__Problem details__
Everything in the listing below must be reproduced exactly, apart from its images.

__Dataset content__
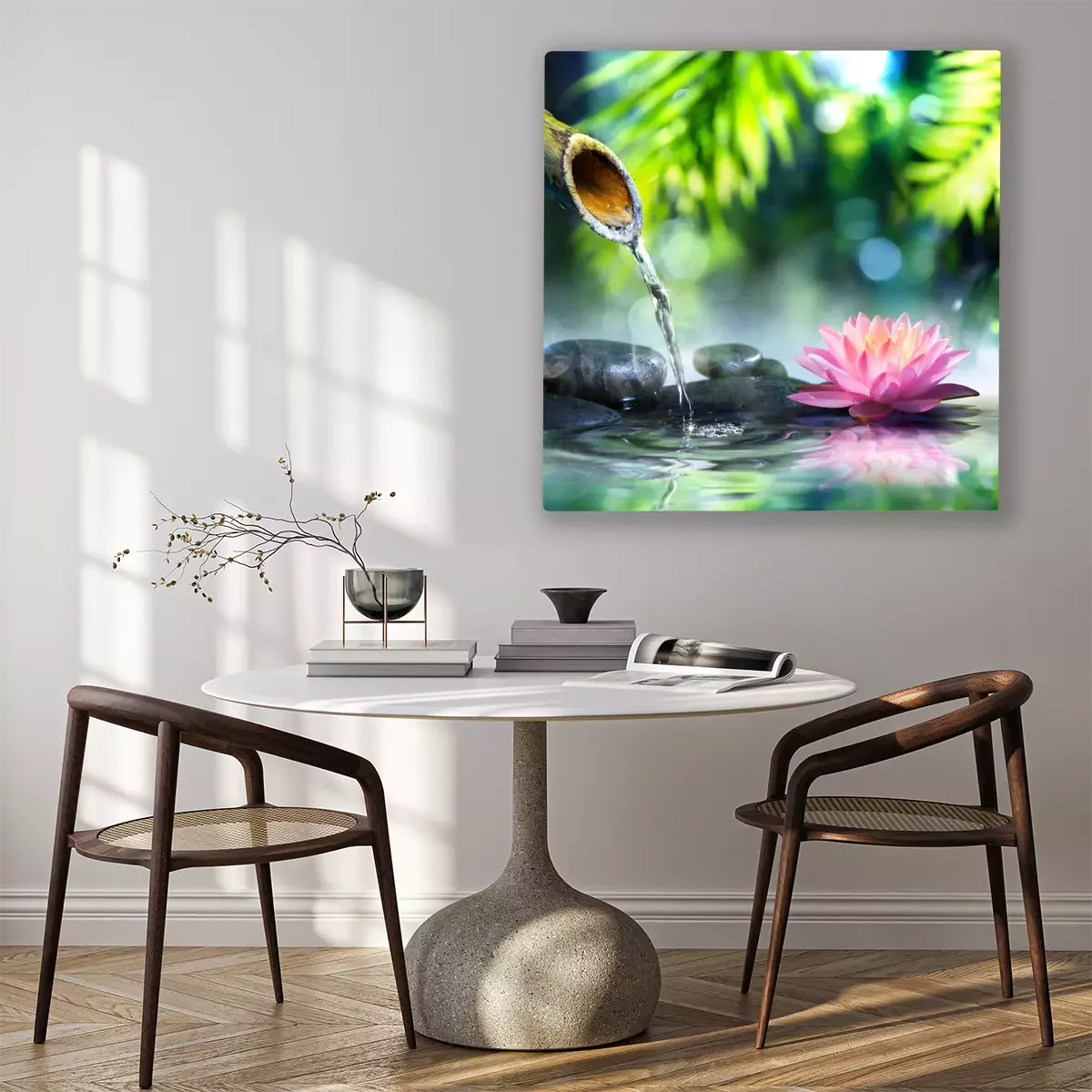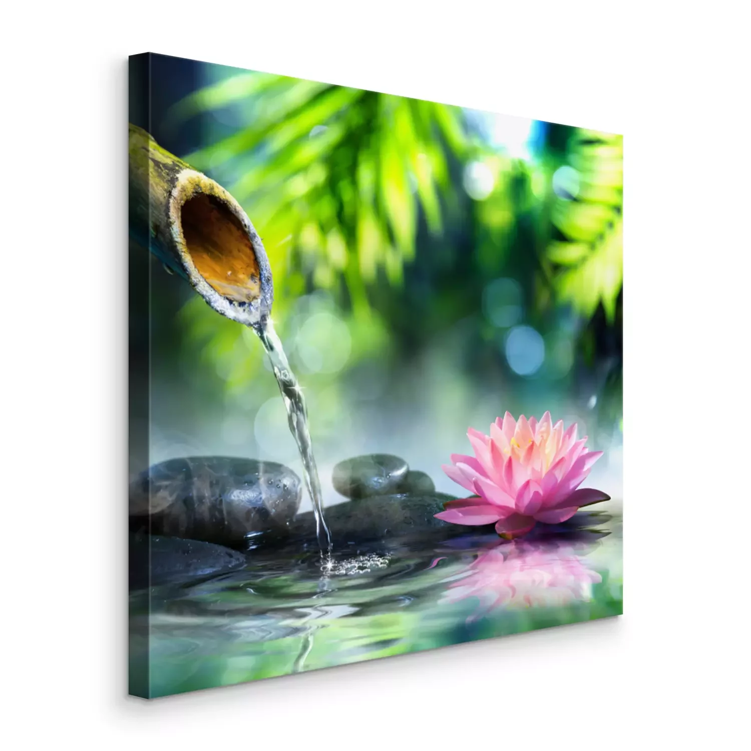Canvas zen tuin met zwarte stenen en roze waterlelie
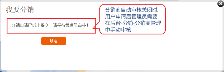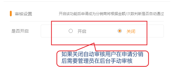1.如果關(guān)閉自動(dòng)審核功能,用戶在申請(qǐng)后需在在分銷商管理中手動(dòng)審核。
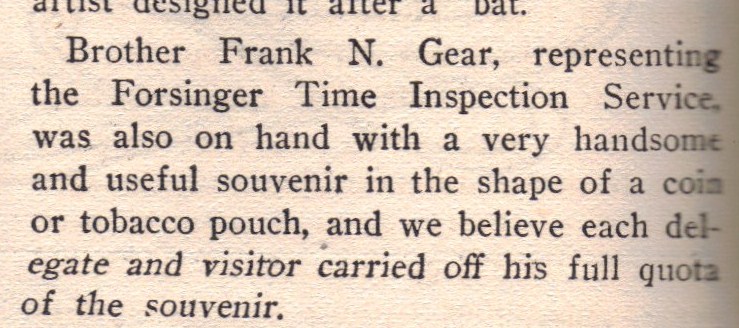 You scooped me on that one, I was going to post it next. Yes I believe the card cases would have probably been used by the Delegates to carry their convention rosters in. Also of interest was this representative handing out souvenirs for Fosingers Time Service

__Exercise output__
Canvas zen tuin met zwarte stenen en roze waterlelie
1.如果關(guān)閉自動(dòng)審核功能,用戶在申請(qǐng)后需在在分銷商管理中手動(dòng)審核。
 You scooped me on that one, I was going to post it next. Yes I believe the card cases would have probably been used by the Delegates to carry their convention rosters in. Also of interest was this representative handing out souvenirs for Fosingers Time Service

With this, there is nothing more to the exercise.